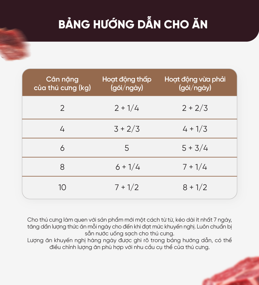 Cung cấp protein chất lượng cao từ thịt tươi, hỗ trợ phát triển cơ bắp săn chắc và năng lượng dồi dào cho các giống chó nhỏ.
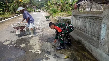 Serma Purwanto mengatakan, karya bakti perbaikan jalan desa yang dilakukan bersama masyarakat tersebut guna mempermudah akses jalan warga sehari-hari.
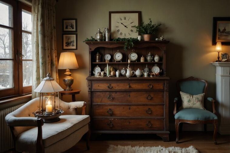 Der Kaminsims bietet eine perfekte Kulisse, um nostalgische Akzente mit Vintage-Deko zu setzen. Alte Uhren, insbesondere antike Stand- oder Pendeluhren, verleihen dem Raum eine besondere Atmosphäre und verbinden Funktionalität mit Geschichte. Die patinierte Oberfläche und der zeitlose Charme vergangener Jahrzehnte bringen Leben und Charakter in jede winterliche Wohnlandschaft. Unterschiedliche Uhrentypen, von klassischen Holzgehäusen bis hin zu kunstvoll verzierten Messingmodellen, bieten vielfältige Gestaltungsmöglichkeiten. Kombiniert mit Kerzenständern, getrockneten Blüten oder kleinen, alten Bücherstapeln entsteht ein harmonisches Arrangement, das nostalgische Wärme ausstrahlt. Neben der rein ästhetischen Wirkung symbolisieren alte Uhren auch den fließenden Zeitgeist und regen zum Innehalten an. Die Integration dieser Schmuckstücke am Kaminsims lädt dazu ein, dem Raum ein Stück Geschichte und einen Hauch von Eleganz zu verleihen – ideal für gemütliche Winterabende im Vintage-Stil.
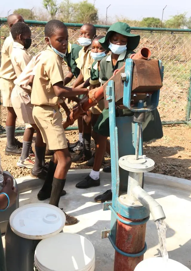 2021年11月,在津巴布韋南馬塔貝萊蘭省省會關(guān)達(dá)的塞農(nóng)多小學(xué),學(xué)生從中國援建水井里打水。
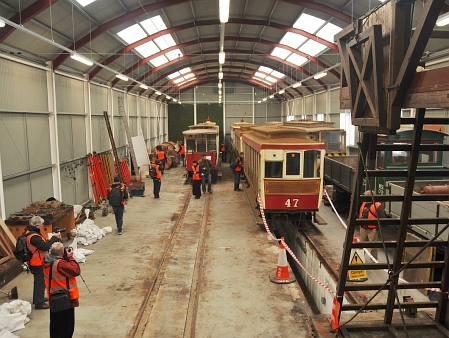 Photographers line up to photograph the rolling stock in Laxey Car Shed. © David Lloyd-Jones
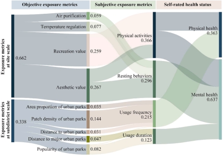 該研究面向城市化發(fā)展帶來的人口增長(zhǎng)和土地利用變化及公共衛(wèi)生壓力等環(huán)境問題,旨在通過探究多尺度視角下城市綠地暴露對(duì)居民健康福祉的影響機(jī)理,為通過城市綠地規(guī)劃管理實(shí)踐建設(shè)健康人居環(huán)境提供科學(xué)依據(jù)。該研究構(gòu)建了聯(lián)系不同空間尺度下客觀與主觀綠地暴露及居民自評(píng)健康狀況的概念模型,并以公園綠地這一關(guān)鍵城市綠地類型為例,通過橫斷面研究驗(yàn)證模型假設(shè)和構(gòu)建量化路徑。研究結(jié)果表明,場(chǎng)地和社區(qū)尺度下綠地暴露特征均對(duì)居民自評(píng)健康狀況有顯著的積極影響,但綠地暴露對(duì)健康福祉的貢獻(xiàn)因空間尺度而異,其中場(chǎng)地尺度綠地暴露對(duì)健康福祉影響的總體重要性更高;在不同空間尺度下的綠地暴露特征中,場(chǎng)地尺度下綠地美學(xué)價(jià)值通過促進(jìn)居民靜態(tài)行為對(duì)心理健康的貢獻(xiàn)最大,社區(qū)尺度下綠地可獲得性通過提高居民的綠地使用頻率對(duì)身體健康的貢獻(xiàn)最大(圖1)。
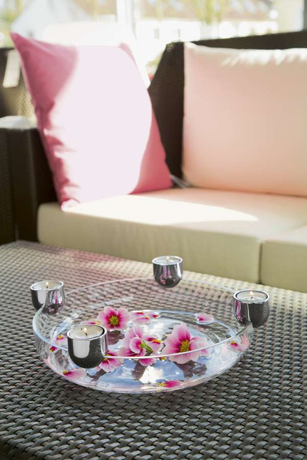 Die ARENA Schale vereint zeitloses Design mit vielseitiger Funktionalität. Mundgeblasenes Glas trifft auf polierten Chrom und schafft so eine elegante Basis für stilvolle Dekorationen. Vier abnehmbare Teelichthalter machen die Schale wahlweise zu einem modernen Adventskranz oder einem stimmungsvollen Lichtobjekt. Ob festlich inszeniert im Winter oder luftig-leicht als Obst- oder Schwimmschale im Sommer – ARENA passt sich jeder Jahreszeit und jedem Anlass mühelos an. Durchdachte Verarbeitung und hochwertige Materialien unterstreichen den besonderen Charakter dieses wandelbaren Wohnaccessoires.

#### TASK TO CARRY OUT:
Nothing but the pictures is to be left out; repeat the data exactly.

#### EXERCISE ANSWER:
 Cung cấp protein chất lượng cao từ thịt tươi, hỗ trợ phát triển cơ bắp săn chắc và năng lượng dồi dào cho các giống chó nhỏ.
 Serma Purwanto mengatakan, karya bakti perbaikan jalan desa yang dilakukan bersama masyarakat tersebut guna mempermudah akses jalan warga sehari-hari.
 Der Kaminsims bietet eine perfekte Kulisse, um nostalgische Akzente mit Vintage-Deko zu setzen. Alte Uhren, insbesondere antike Stand- oder Pendeluhren, verleihen dem Raum eine besondere Atmosphäre und verbinden Funktionalität mit Geschichte. Die patinierte Oberfläche und der zeitlose Charme vergangener Jahrzehnte bringen Leben und Charakter in jede winterliche Wohnlandschaft. Unterschiedliche Uhrentypen, von klassischen Holzgehäusen bis hin zu kunstvoll verzierten Messingmodellen, bieten vielfältige Gestaltungsmöglichkeiten. Kombiniert mit Kerzenständern, getrockneten Blüten oder kleinen, alten Bücherstapeln entsteht ein harmonisches Arrangement, das nostalgische Wärme ausstrahlt. Neben der rein ästhetischen Wirkung symbolisieren alte Uhren auch den fließenden Zeitgeist und regen zum Innehalten an. Die Integration dieser Schmuckstücke am Kaminsims lädt dazu ein, dem Raum ein Stück Geschichte und einen Hauch von Eleganz zu verleihen – ideal für gemütliche Winterabende im Vintage-Stil.
 2021年11月,在津巴布韋南馬塔貝萊蘭省省會關(guān)達(dá)的塞農(nóng)多小學(xué),學(xué)生從中國援建水井里打水。
 Photographers line up to photograph the rolling stock in Laxey Car Shed. © David Lloyd-Jones
 該研究面向城市化發(fā)展帶來的人口增長(zhǎng)和土地利用變化及公共衛(wèi)生壓力等環(huán)境問題,旨在通過探究多尺度視角下城市綠地暴露對(duì)居民健康福祉的影響機(jī)理,為通過城市綠地規(guī)劃管理實(shí)踐建設(shè)健康人居環(huán)境提供科學(xué)依據(jù)。該研究構(gòu)建了聯(lián)系不同空間尺度下客觀與主觀綠地暴露及居民自評(píng)健康狀況的概念模型,并以公園綠地這一關(guān)鍵城市綠地類型為例,通過橫斷面研究驗(yàn)證模型假設(shè)和構(gòu)建量化路徑。研究結(jié)果表明,場(chǎng)地和社區(qū)尺度下綠地暴露特征均對(duì)居民自評(píng)健康狀況有顯著的積極影響,但綠地暴露對(duì)健康福祉的貢獻(xiàn)因空間尺度而異,其中場(chǎng)地尺度綠地暴露對(duì)健康福祉影響的總體重要性更高;在不同空間尺度下的綠地暴露特征中,場(chǎng)地尺度下綠地美學(xué)價(jià)值通過促進(jìn)居民靜態(tài)行為對(duì)心理健康的貢獻(xiàn)最大,社區(qū)尺度下綠地可獲得性通過提高居民的綠地使用頻率對(duì)身體健康的貢獻(xiàn)最大(圖1)。
 Die ARENA Schale vereint zeitloses Design mit vielseitiger Funktionalität. Mundgeblasenes Glas trifft auf polierten Chrom und schafft so eine elegante Basis für stilvolle Dekorationen. Vier abnehmbare Teelichthalter machen die Schale wahlweise zu einem modernen Adventskranz oder einem stimmungsvollen Lichtobjekt. Ob festlich inszeniert im Winter oder luftig-leicht als Obst- oder Schwimmschale im Sommer – ARENA passt sich jeder Jahreszeit und jedem Anlass mühelos an. Durchdachte Verarbeitung und hochwertige Materialien unterstreichen den besonderen Charakter dieses wandelbaren Wohnaccessoires.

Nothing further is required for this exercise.